> What is needed: Write out exactly the lines from the one that contains "Voyons une vidéo" down to the last line of the material below, keeping both ends and omitting pictures.

> Data to examine:
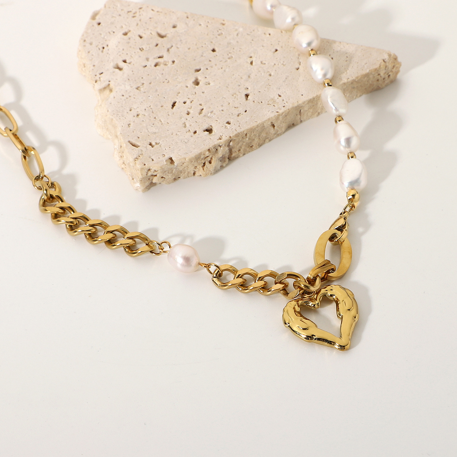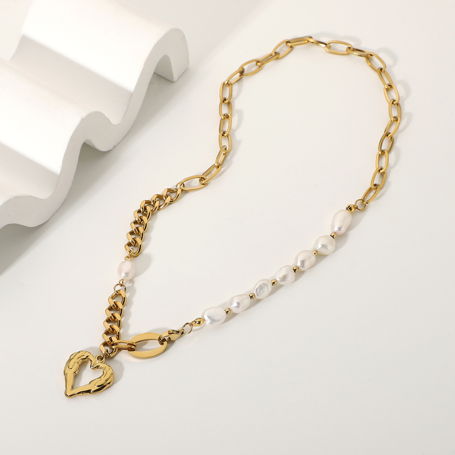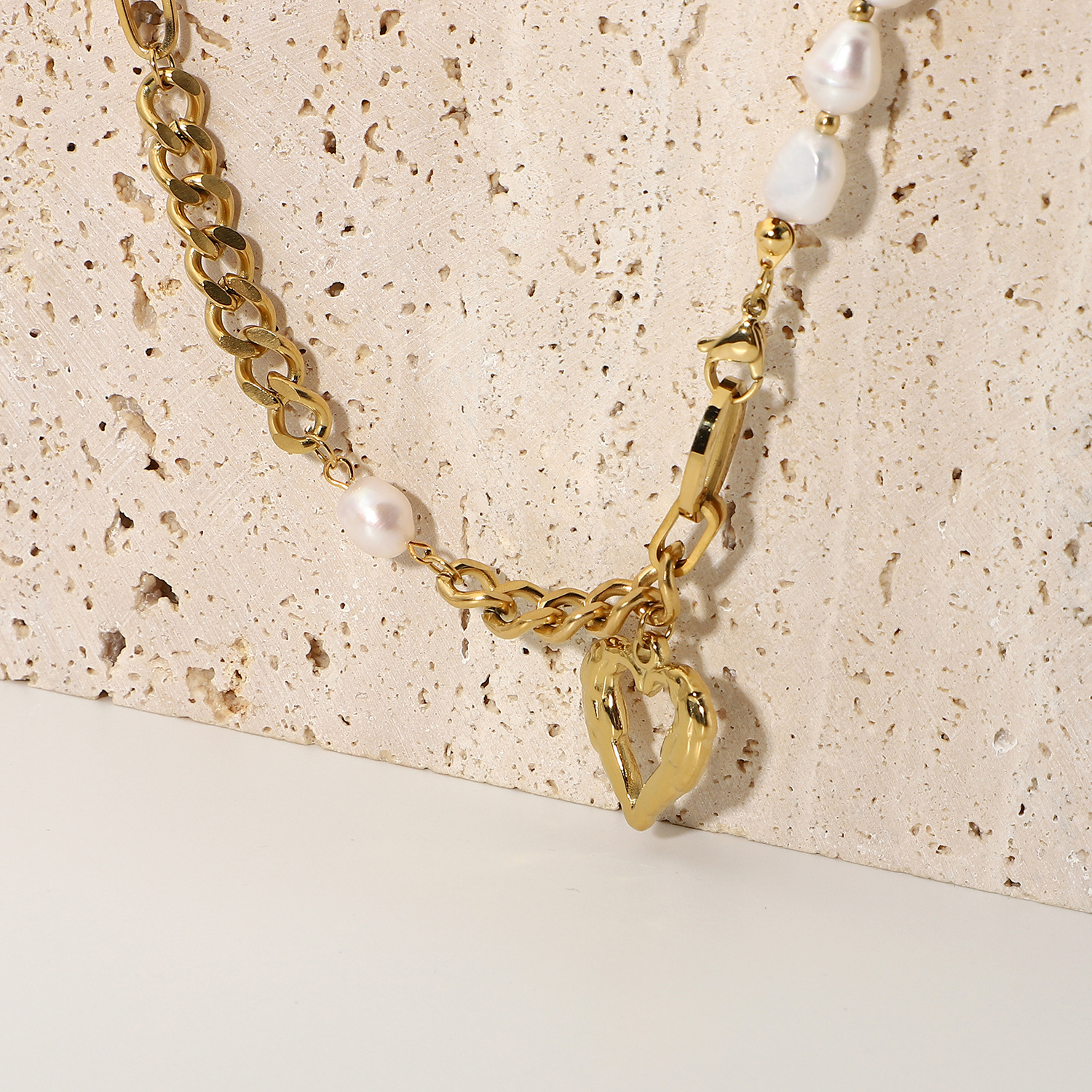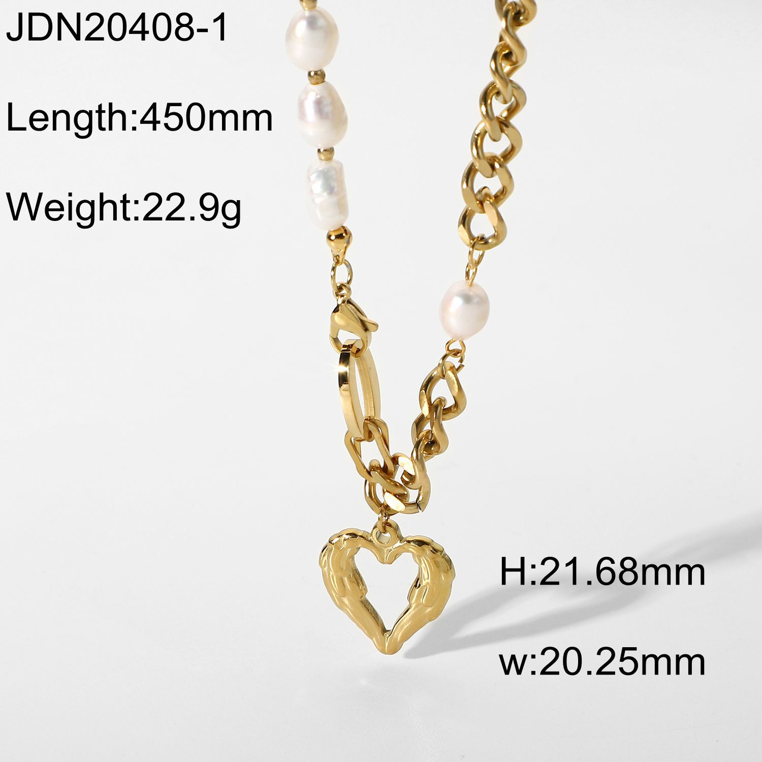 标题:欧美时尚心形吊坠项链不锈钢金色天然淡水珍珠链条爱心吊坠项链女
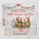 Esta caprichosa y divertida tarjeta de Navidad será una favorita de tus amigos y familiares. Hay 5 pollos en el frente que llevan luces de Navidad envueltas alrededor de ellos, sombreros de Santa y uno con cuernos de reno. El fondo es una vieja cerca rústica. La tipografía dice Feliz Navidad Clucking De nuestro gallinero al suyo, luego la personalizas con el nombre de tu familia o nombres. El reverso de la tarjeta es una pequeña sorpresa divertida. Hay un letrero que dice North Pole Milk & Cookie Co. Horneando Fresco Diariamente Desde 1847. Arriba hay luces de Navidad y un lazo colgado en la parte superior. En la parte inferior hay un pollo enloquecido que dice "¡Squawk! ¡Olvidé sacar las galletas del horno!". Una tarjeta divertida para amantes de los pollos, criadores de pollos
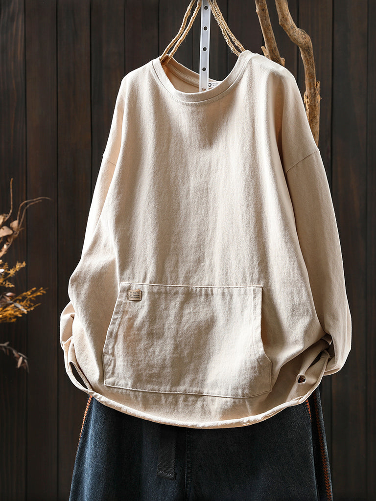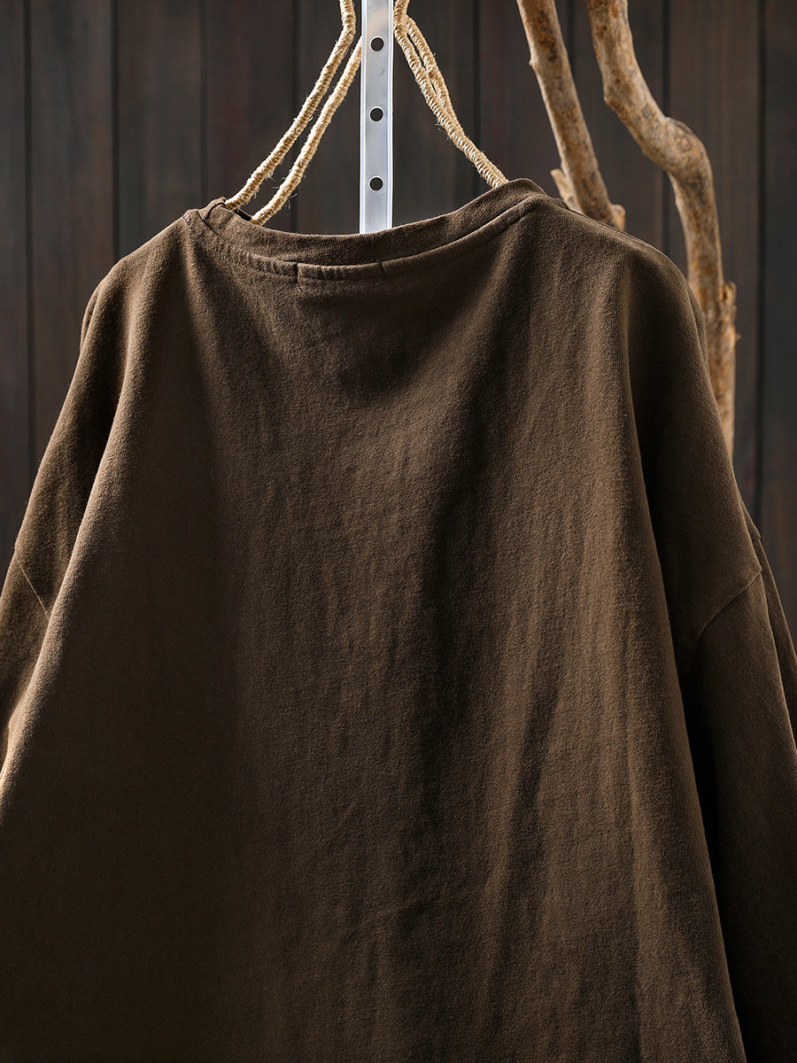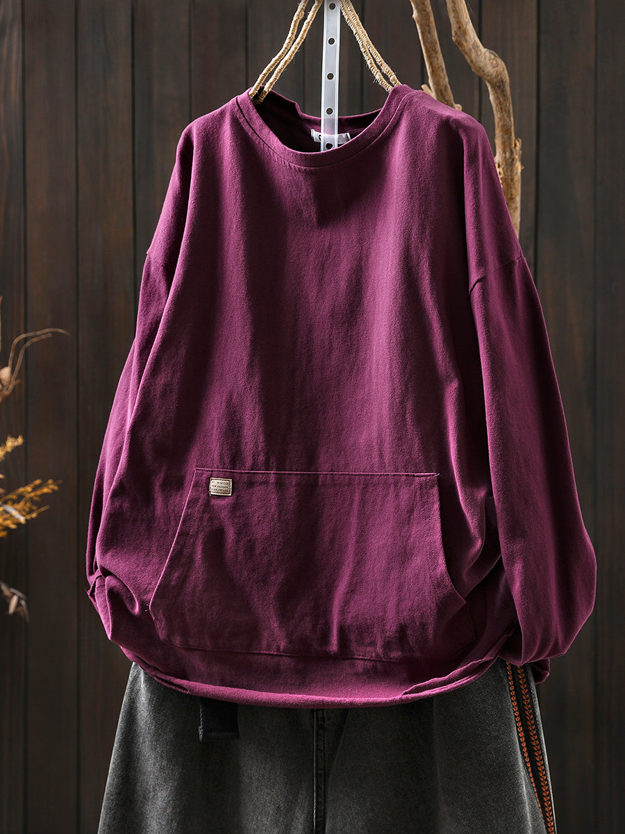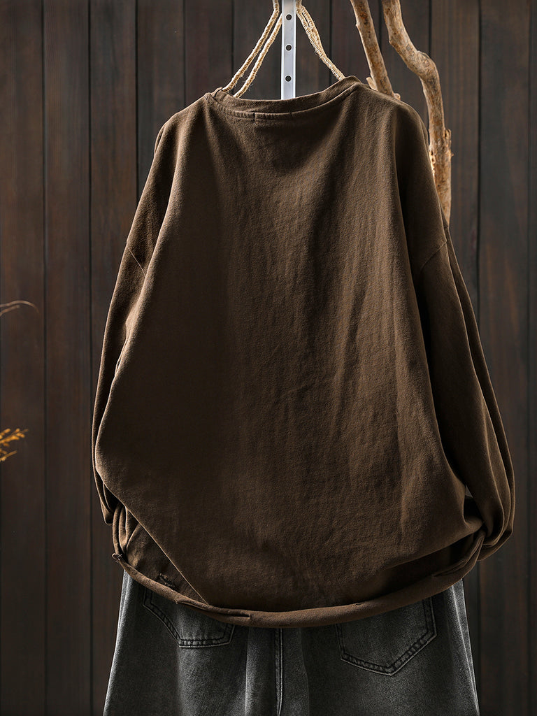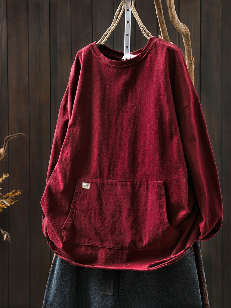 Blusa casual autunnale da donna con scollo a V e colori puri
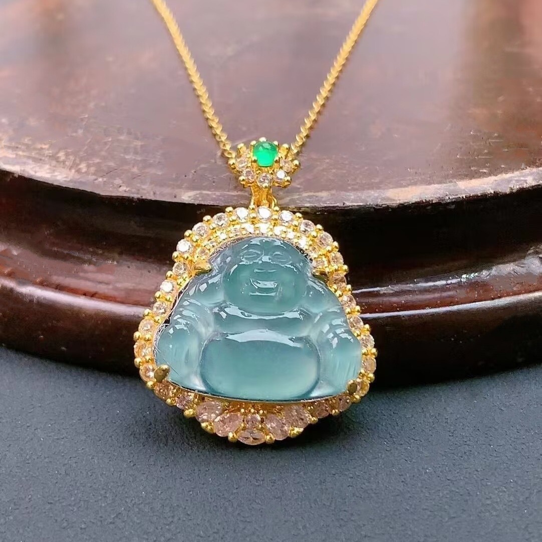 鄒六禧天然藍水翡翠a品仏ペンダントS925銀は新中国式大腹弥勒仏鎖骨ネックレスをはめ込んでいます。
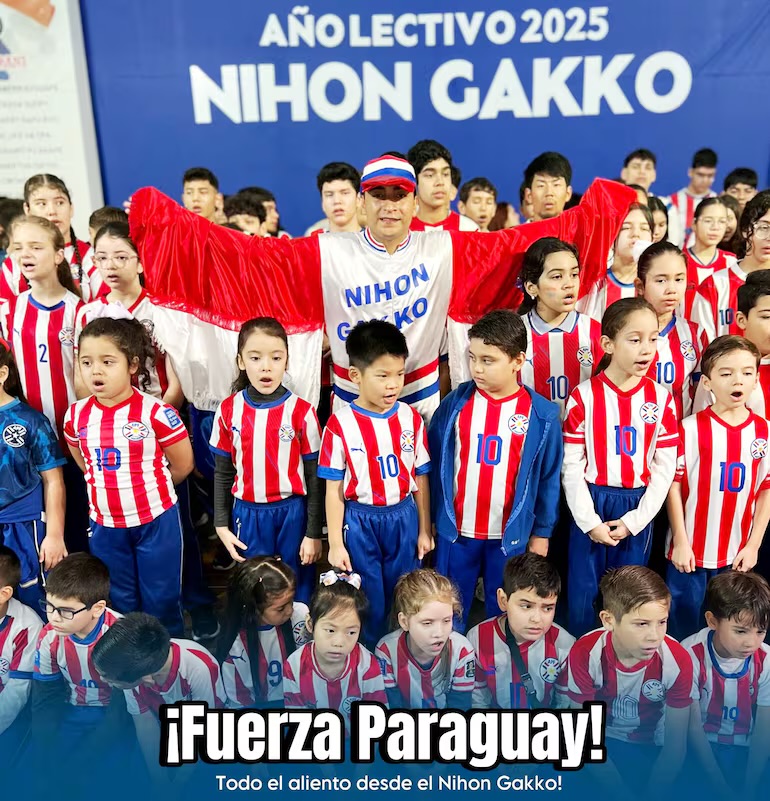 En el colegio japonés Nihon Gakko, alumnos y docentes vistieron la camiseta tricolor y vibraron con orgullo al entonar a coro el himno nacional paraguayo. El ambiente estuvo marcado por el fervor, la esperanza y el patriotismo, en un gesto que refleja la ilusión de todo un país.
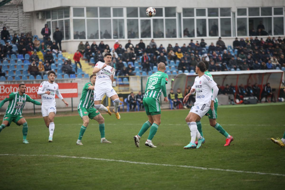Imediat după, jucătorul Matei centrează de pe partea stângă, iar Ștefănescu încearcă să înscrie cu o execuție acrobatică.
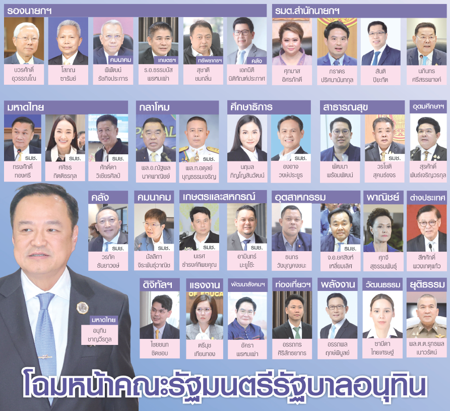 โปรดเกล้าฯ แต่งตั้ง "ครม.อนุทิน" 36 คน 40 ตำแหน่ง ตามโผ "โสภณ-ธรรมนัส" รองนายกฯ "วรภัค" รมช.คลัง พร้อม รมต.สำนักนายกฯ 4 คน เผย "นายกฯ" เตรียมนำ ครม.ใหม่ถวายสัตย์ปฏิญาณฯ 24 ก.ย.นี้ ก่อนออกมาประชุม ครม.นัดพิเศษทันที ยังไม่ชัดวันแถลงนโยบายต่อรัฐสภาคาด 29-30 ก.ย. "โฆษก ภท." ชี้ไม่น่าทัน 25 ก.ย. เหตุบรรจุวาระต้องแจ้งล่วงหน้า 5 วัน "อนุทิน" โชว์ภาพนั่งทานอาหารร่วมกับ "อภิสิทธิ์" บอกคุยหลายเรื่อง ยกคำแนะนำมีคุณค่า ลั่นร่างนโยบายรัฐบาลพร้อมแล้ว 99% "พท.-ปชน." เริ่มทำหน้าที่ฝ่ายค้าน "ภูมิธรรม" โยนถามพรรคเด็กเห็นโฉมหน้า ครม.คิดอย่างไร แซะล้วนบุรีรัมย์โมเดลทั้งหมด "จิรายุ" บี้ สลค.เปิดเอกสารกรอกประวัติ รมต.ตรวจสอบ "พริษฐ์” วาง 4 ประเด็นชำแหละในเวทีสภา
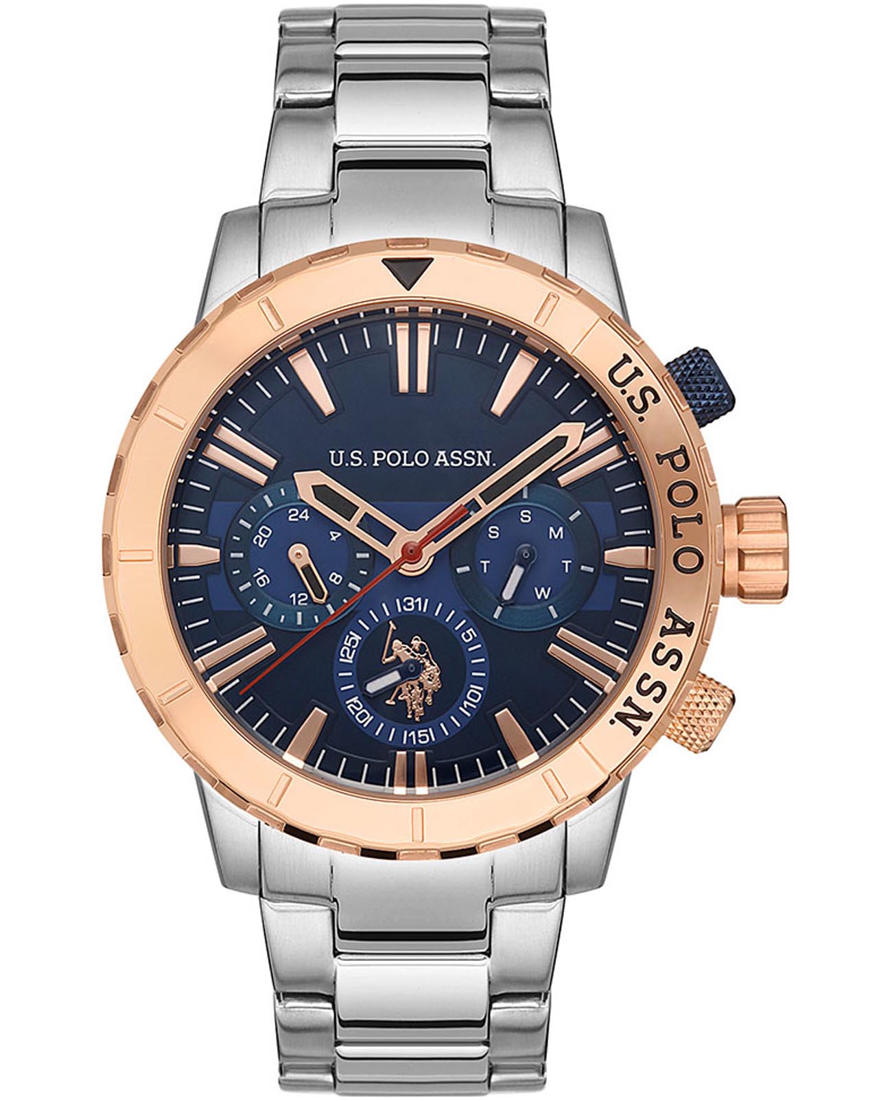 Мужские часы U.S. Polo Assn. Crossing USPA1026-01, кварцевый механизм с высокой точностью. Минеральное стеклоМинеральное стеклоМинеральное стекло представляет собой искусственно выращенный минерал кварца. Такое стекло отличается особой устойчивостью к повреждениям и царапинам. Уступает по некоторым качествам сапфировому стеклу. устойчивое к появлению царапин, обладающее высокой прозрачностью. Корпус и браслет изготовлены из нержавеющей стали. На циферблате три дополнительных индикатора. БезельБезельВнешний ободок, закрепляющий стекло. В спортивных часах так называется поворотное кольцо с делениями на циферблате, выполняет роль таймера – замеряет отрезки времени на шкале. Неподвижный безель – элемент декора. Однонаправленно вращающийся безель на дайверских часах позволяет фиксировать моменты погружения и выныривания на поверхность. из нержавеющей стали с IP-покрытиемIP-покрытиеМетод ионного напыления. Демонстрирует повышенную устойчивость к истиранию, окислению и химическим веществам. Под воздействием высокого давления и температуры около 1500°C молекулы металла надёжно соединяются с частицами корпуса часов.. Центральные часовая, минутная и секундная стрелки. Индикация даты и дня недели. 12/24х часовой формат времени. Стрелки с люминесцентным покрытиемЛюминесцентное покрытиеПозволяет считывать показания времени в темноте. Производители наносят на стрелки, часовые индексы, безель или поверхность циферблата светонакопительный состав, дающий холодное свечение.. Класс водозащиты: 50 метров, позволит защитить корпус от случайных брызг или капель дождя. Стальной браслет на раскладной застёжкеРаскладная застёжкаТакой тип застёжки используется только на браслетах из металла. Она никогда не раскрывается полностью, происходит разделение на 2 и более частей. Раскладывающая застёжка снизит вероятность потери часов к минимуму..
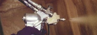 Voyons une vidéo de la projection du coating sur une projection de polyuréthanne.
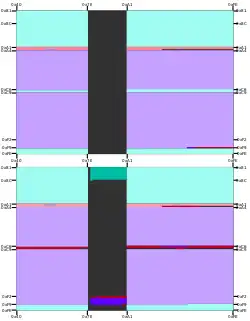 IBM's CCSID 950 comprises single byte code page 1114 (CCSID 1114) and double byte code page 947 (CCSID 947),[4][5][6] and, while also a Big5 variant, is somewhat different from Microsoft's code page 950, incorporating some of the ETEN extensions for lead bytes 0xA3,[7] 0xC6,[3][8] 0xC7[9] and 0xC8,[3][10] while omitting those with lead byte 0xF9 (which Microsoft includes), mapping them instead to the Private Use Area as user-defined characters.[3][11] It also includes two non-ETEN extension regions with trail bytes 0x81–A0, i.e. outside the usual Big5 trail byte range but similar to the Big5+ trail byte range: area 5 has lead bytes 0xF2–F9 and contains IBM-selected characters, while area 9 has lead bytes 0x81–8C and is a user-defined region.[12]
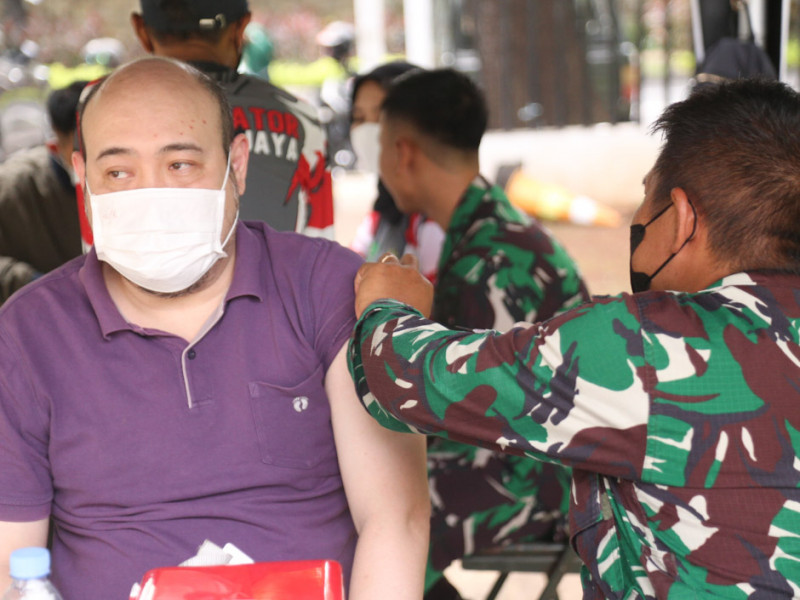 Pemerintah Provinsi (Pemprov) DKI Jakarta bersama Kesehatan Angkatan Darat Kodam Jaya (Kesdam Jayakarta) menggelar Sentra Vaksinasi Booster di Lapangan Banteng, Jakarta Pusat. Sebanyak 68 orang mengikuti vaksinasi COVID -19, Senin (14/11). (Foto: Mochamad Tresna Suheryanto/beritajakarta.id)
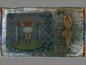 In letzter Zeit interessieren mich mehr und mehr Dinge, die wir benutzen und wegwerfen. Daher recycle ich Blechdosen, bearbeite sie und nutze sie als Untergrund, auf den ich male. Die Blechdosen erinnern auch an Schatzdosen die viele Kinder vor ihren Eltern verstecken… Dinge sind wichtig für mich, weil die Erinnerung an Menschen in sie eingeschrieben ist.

> Solution for this task:
 Voyons une vidéo de la projection du coating sur une projection de polyuréthanne.
 IBM's CCSID 950 comprises single byte code page 1114 (CCSID 1114) and double byte code page 947 (CCSID 947),[4][5][6] and, while also a Big5 variant, is somewhat different from Microsoft's code page 950, incorporating some of the ETEN extensions for lead bytes 0xA3,[7] 0xC6,[3][8] 0xC7[9] and 0xC8,[3][10] while omitting those with lead byte 0xF9 (which Microsoft includes), mapping them instead to the Private Use Area as user-defined characters.[3][11] It also includes two non-ETEN extension regions with trail bytes 0x81–A0, i.e. outside the usual Big5 trail byte range but similar to the Big5+ trail byte range: area 5 has lead bytes 0xF2–F9 and contains IBM-selected characters, while area 9 has lead bytes 0x81–8C and is a user-defined region.[12]
 Pemerintah Provinsi (Pemprov) DKI Jakarta bersama Kesehatan Angkatan Darat Kodam Jaya (Kesdam Jayakarta) menggelar Sentra Vaksinasi Booster di Lapangan Banteng, Jakarta Pusat. Sebanyak 68 orang mengikuti vaksinasi COVID -19, Senin (14/11). (Foto: Mochamad Tresna Suheryanto/beritajakarta.id)
 In letzter Zeit interessieren mich mehr und mehr Dinge, die wir benutzen und wegwerfen. Daher recycle ich Blechdosen, bearbeite sie und nutze sie als Untergrund, auf den ich male. Die Blechdosen erinnern auch an Schatzdosen die viele Kinder vor ihren Eltern verstecken… Dinge sind wichtig für mich, weil die Erinnerung an Menschen in sie eingeschrieben ist.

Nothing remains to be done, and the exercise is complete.